Decisions From Experience: A Drift Diffusion Model Analysis of Autonomous Sampling Behavior
Tue-Main hall - Z2b-Poster 2-5710
Presented by: Nicola Schneider
When people interact with their environment, they acquire an understanding of its probabilistic structure through experiences. The premise of the decisions from experience paradigm (Hertwig & Erev, 2009) is that people base their decisions on their experiences. In this study, we offer a psychoeconomic and psychocognitive account for decisions from experience and propose answers to the questions on how one’s probabilistic environment and sample size influence decision-making and how learning is reflected in autonomous sampling behavior. We presented N = 60 participants with an adaptation of the sampling protocol and conducted choice and reaction time (RT) analyses including a drift diffusion modulation (DDM). Regarding the psychoeconomic choice analysis, the ambiguity of one’s environment holds a greater influence on the accuracy of one’s decision-making than the quantity of one’s experiences. Furthermore, with cumulating experiences, people’s proximal perception converges with their distal environment and people tend to base their choices on their experiences.
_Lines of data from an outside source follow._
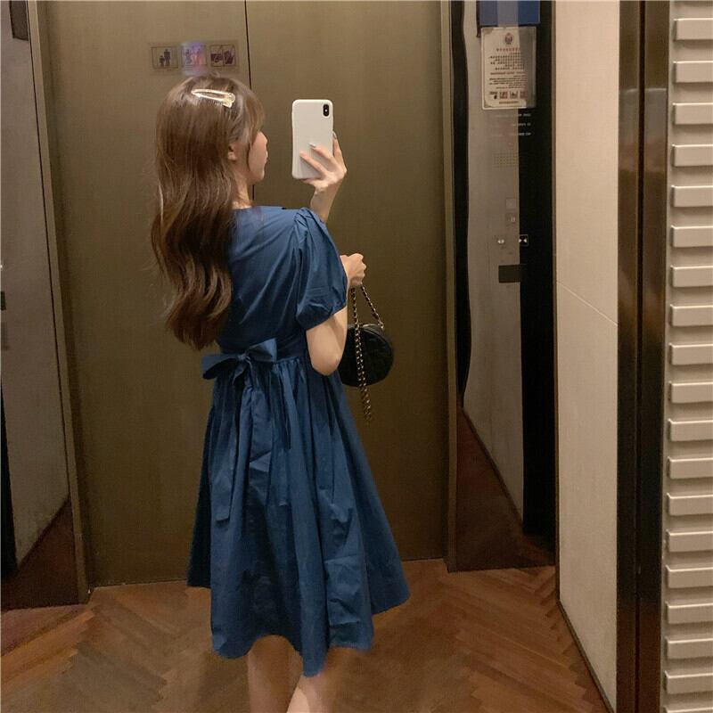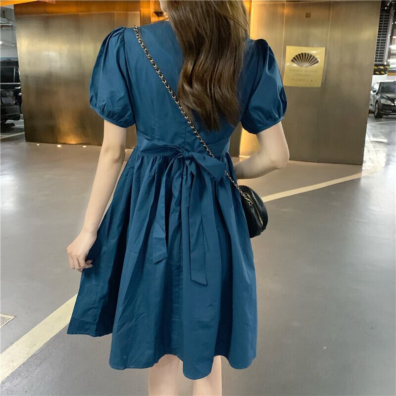サマースタンダードVネックスリーブドレス スカート リボン レトロ 大人ガーリー スウィート キュート カジュアル 夏物 YY-ファッション28011226130
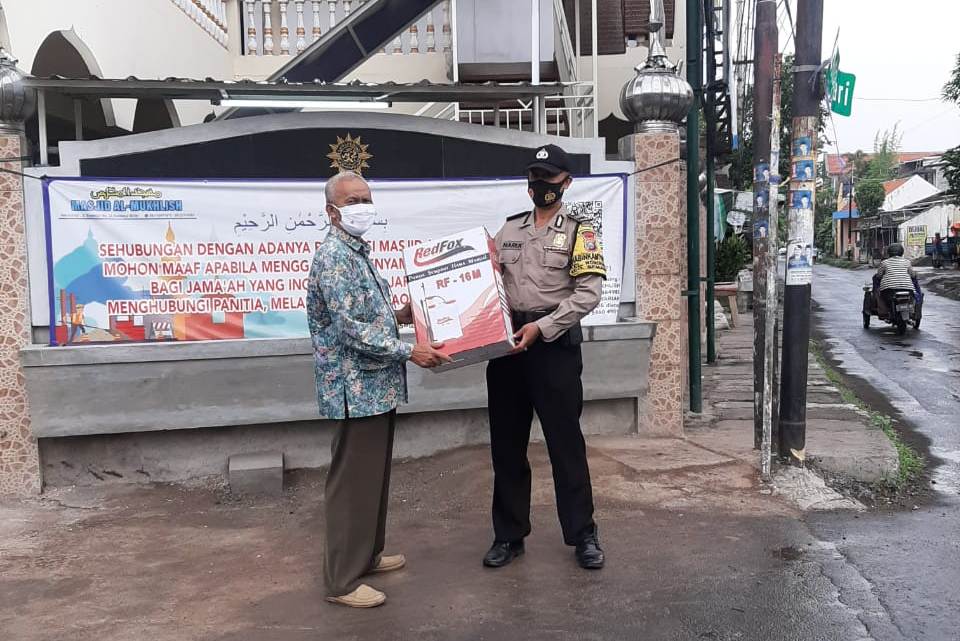 Disamping menyerahkan bantuan tersebut, Aiptu Hari Kurniawan juga mengingatkan agar Bapak H Jaenal Ishom rajin membersihkan lantai masjid dan tempat-tempat yang rawan dipegang oleh jamaah dengan menggunakan cairan disinfektan.
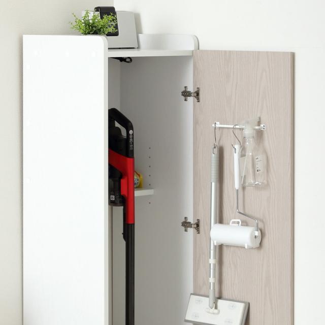 扉の内側に取っ手が付いています。S字フックを付けると、フローリングワイパーや粘着カーペットクリーナーの収納に便利に使えます。

Regarding the psychocognitive RTs analysis, we observe a decline of RTs throughout a sampling phase and qualitative differences between a decision to continue sampling and the decision to stop sampling. These can be explained by variations in cognitive parameters of the DDM between the beginning and end of a sampling phase. People seem to exhibit a general bias toward exploring their environment and maintaining their autonomy, a decrease in the amount of evidence to be accumulated, and differences in evidence accumulation itself. Investigating learning in autonomous sampling behavior through DDMs seems to be a promising path for future research.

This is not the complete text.